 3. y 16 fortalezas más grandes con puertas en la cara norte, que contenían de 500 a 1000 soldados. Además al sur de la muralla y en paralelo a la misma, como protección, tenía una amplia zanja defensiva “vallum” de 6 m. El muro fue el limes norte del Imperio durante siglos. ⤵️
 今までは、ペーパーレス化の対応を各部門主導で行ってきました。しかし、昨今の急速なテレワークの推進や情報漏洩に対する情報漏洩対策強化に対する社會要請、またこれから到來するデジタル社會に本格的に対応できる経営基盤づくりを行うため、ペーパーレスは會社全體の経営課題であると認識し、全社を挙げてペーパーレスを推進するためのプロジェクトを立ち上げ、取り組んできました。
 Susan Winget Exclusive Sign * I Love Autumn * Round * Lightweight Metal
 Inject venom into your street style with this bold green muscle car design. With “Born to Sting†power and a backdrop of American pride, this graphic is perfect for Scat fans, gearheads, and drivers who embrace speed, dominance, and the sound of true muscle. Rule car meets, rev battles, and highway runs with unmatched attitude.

◇ ◇ ◇ ◇ ◇

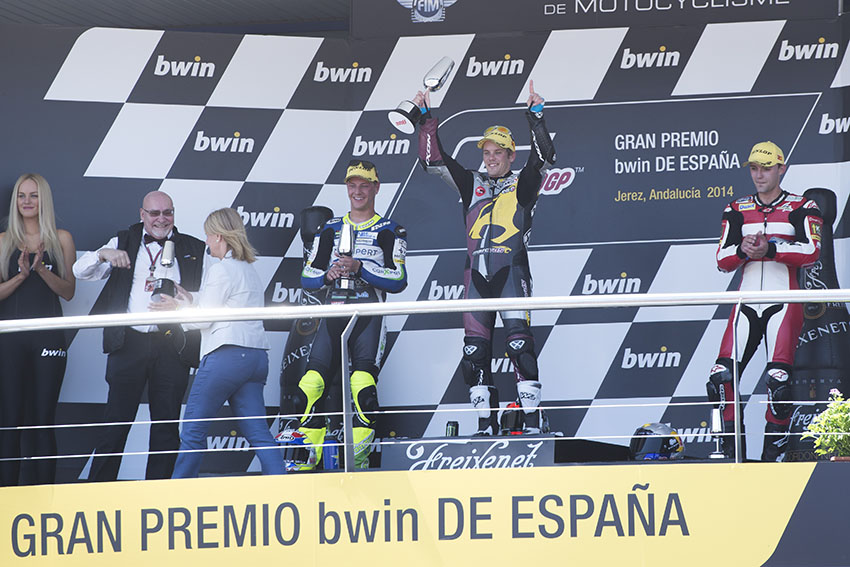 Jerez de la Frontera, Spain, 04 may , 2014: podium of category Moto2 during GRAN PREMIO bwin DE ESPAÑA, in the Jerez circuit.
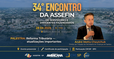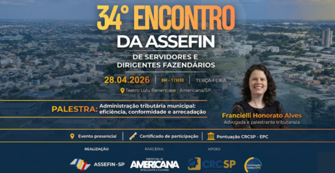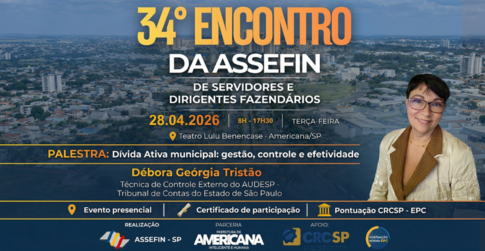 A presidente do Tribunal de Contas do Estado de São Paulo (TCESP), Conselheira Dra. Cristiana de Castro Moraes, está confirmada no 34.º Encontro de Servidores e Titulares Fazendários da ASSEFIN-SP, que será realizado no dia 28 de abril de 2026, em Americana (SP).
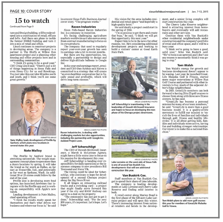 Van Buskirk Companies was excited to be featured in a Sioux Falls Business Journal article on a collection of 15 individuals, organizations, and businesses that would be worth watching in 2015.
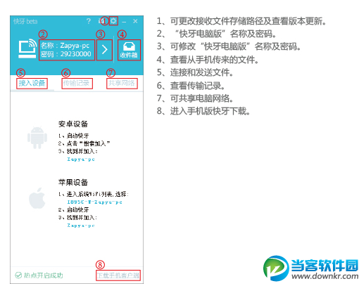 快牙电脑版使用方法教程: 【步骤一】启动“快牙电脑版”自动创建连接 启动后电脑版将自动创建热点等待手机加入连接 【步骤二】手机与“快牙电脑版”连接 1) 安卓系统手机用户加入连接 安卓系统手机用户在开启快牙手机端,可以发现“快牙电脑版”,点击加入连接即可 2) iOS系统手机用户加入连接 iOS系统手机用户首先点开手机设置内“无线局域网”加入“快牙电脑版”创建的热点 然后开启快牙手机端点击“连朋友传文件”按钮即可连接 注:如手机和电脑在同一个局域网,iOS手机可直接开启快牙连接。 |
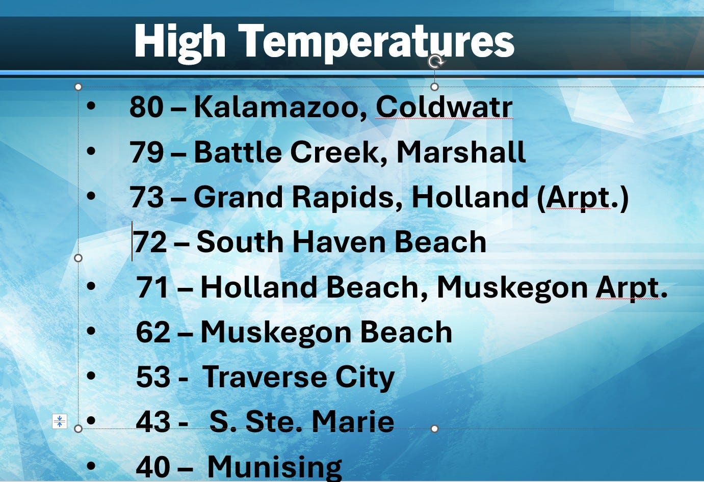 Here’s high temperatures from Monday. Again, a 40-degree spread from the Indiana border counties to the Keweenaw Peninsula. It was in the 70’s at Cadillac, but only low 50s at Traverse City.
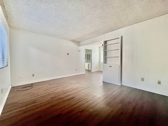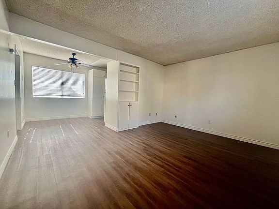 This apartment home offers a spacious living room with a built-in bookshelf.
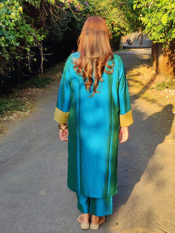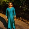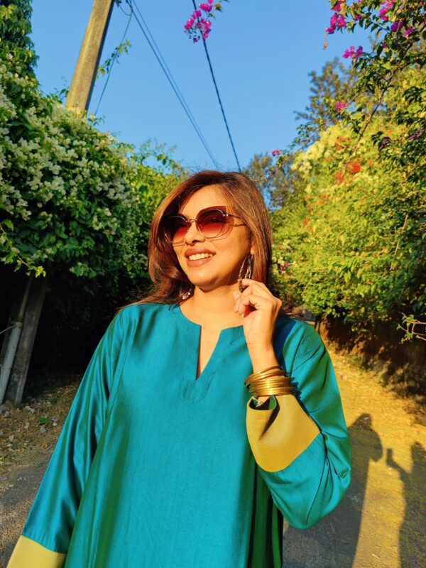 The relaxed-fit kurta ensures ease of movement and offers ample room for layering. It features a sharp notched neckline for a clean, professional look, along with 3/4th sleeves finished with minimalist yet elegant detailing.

◇ ◇ ◇ ◇ ◇

■ EXERCISE OBJECTIVE
What you give back should be only the lines of the records above, starting at the line with "3. y 16 fortalezas" and ending at the line with "Inject venom into", restated word for word.

■ REPLY TO THE TASK
 3. y 16 fortalezas más grandes con puertas en la cara norte, que contenían de 500 a 1000 soldados. Además al sur de la muralla y en paralelo a la misma, como protección, tenía una amplia zanja defensiva “vallum” de 6 m. El muro fue el limes norte del Imperio durante siglos. ⤵️
 今までは、ペーパーレス化の対応を各部門主導で行ってきました。しかし、昨今の急速なテレワークの推進や情報漏洩に対する情報漏洩対策強化に対する社會要請、またこれから到來するデジタル社會に本格的に対応できる経営基盤づくりを行うため、ペーパーレスは會社全體の経営課題であると認識し、全社を挙げてペーパーレスを推進するためのプロジェクトを立ち上げ、取り組んできました。
 Susan Winget Exclusive Sign * I Love Autumn * Round * Lightweight Metal
 Inject venom into your street style with this bold green muscle car design. With “Born to Sting†power and a backdrop of American pride, this graphic is perfect for Scat fans, gearheads, and drivers who embrace speed, dominance, and the sound of true muscle. Rule car meets, rev battles, and highway runs with unmatched attitude.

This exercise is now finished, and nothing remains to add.